Die Autopsie ergab, dass die Würgemale keine selbst zugefügten waren. Einige sagten, er wurde von einem Wachmann erwürgt, der seine Schreie nicht mehr ertragen hatte; keiner der Beamten gab dies jemals zu, oder beschuldigte einen seiner Kollegen.

Andere glaubten dass es der böse, ruhelose Geist eines früheren Häftlings war, der seine Rache an anderen, hilflosen Seelen verübte. Zu diesem mysteriösen Vorfall kam noch etwas hinzu; am Tag nach der Tragödie ließen die Wachleute die Häftlinge für eine Zählung aufmarschieren und es wurde einer zuviel gezählt. Am Ende der Schlange sahen die Guards (Wachleute) einen überzähligen Körper - den des am Tag vorher umgekommenen Häftlings… Als alle ihn fassungslos anstarrten, löste sich der geisterhafte Gefangene in Luft auf.

Eine ganze Anzahl von Wachleuten machten im Zeitraum von 1946 bis 1963 hin und wieder seltsame Erfahrungen. Von den äußersten Rändern bis zum Grund der tiefsten Höhlen hörte man ständig Leute reden, stöhnen und schluchzen; man nahm schreckliche Gerüche und kalte Punkte wahr und sah das „Ding“ mit den glühenden Augen. Sogar Gruppen von „Phantom-Häftlingen“ und „-Soldaten“ erschienen vor den Augen von erschrockenen Wachbeamten und Gästen sowie Familien, die auf der Insel lebten.

Manchmal erschien der alte Leuchtturm (der schon lange abgerissen war) in einem diffusen Nebel, begleitet von einem geisterhaften Pfeifton und einem grünen zuckenden Licht, das über die Insel leuchtete; so als ob der Leuchtturm noch in Betrieb sei. Die Erscheinung verschwand dann wieder vor den Augen der vor Schreck erstarrten Beamten und Besucher. Kanonenschüsse und Gewehrfeuer veranlassten oft Wachleute dazu, sich flach auf den Bauch fallen zu lassen in der Annahme, es seien Häftlinge ausgebrochen und in den Besitz von Waffen gelangt. Es fand sich nie eine Erklärung für die seltsamen Vorfälle. Eine verlassene Waschküche füllte sich manchmal mit starkem Rauch, als ob etwas in Flammen aufgegangen wäre. Der erstickende Rauch vertrieb die Wachleute aus dem Raum; nachdem sie ihn einige Minuten später wieder betraten, war der Qualm verschwunden. Die Erscheinung dieses geisterhaften Rauches trat im Laufe der Jahre oft auf.

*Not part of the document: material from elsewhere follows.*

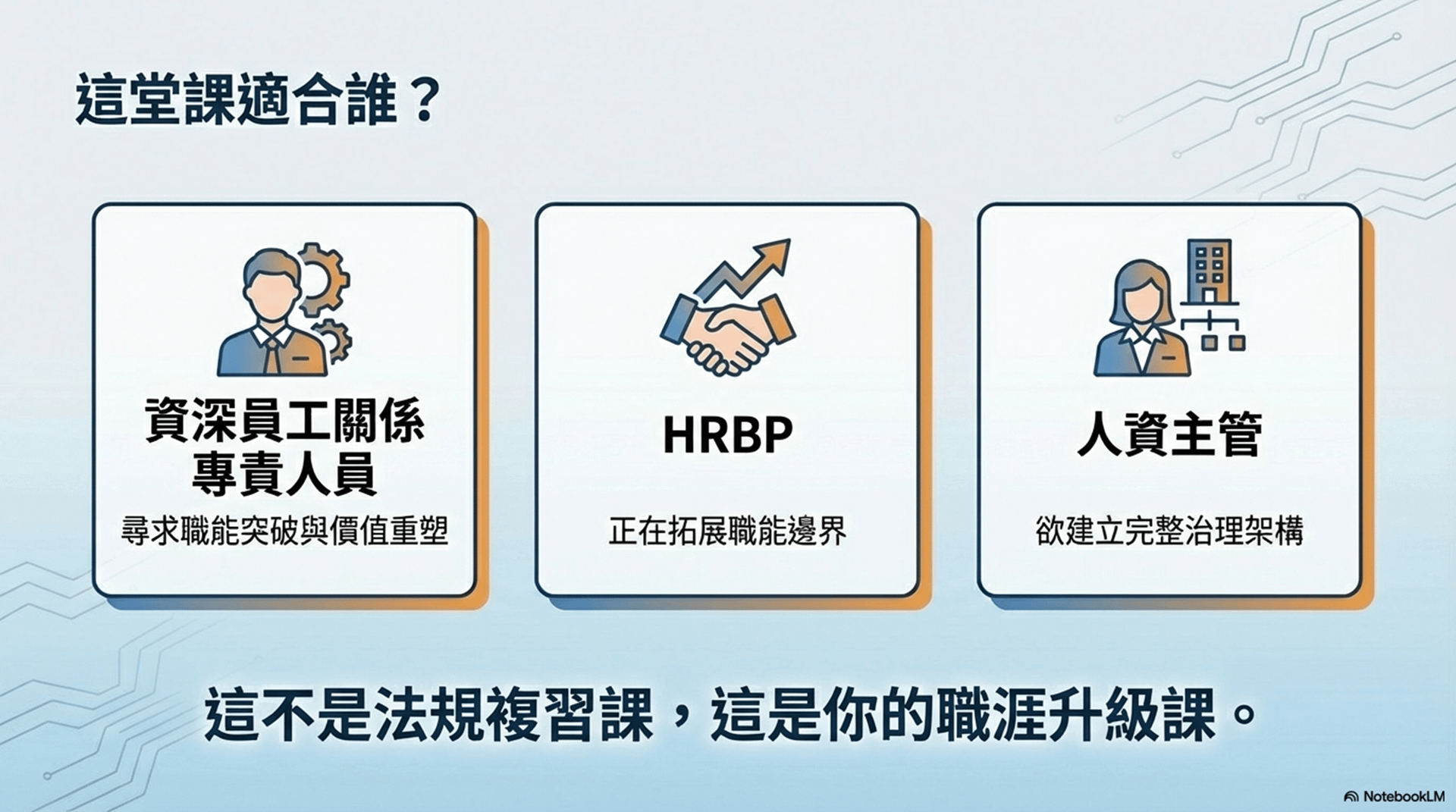 這堂課不是傳統的勞動法規複習,也不是申訴處理的SOP教學。我們要做的是一次認知升級——重新理解員工關係在當代企業中的戰略角色,並為HR夥伴提供一套能與董事會、經營層對話的語言和架構。無論你是資深的員工關係專責人員,還是正在拓展職能邊界的HRBP,這堂課都將為你打開一個全新的視野。

Sogar Warden Johnston (der nicht an Geister glaubte) nahm während einer Tour von Gästen die er durch die Örtlichkeiten begleitete, die unverkennbaren Geräusche einer schluchzenden Frau wahr, so als ob sie aus den Wänden des Verlieses kämen. Als ob das nicht genug wäre blies plötzlich ein eiskalter Wind durch die Gruppe und ließ sie bis auf die Knochen schaudern, genau in dem Moment als das Schluchzen aufhörte. Die Reste des mittlerweile ausgebrannten Warden-Hauses waren seit den vierziger Jahren auch ein Fokus-Punkt für Sichtungen. Während einer Weihnachtsfeier wurden einige Wachleute schaudernd Zeugen der Erscheinung eines Mannes in grauem Anzug, mit breitkrempigem Hut und langen Koteletten. Als die Männer die Gestalt sahen wurde der Raum eisig kalt, das Feuer im Ofen wurde gelöscht und, nach weniger als einer Minute, verschwand der Mann.

Das sind nur einige der Geschichten über den Spuk in Alcatraz. Wenn Sie die jetzt die verlassenen Korridore dieses weltberühmten Gefängnisses besuchen, tun sie das mit wachem Geist und bereiten Sinnen; vielleicht hilft Ihnen Ihr sechster Sinn dabei, einige der vielen Geister, die Alcatraz bewohnen, aufzuspüren.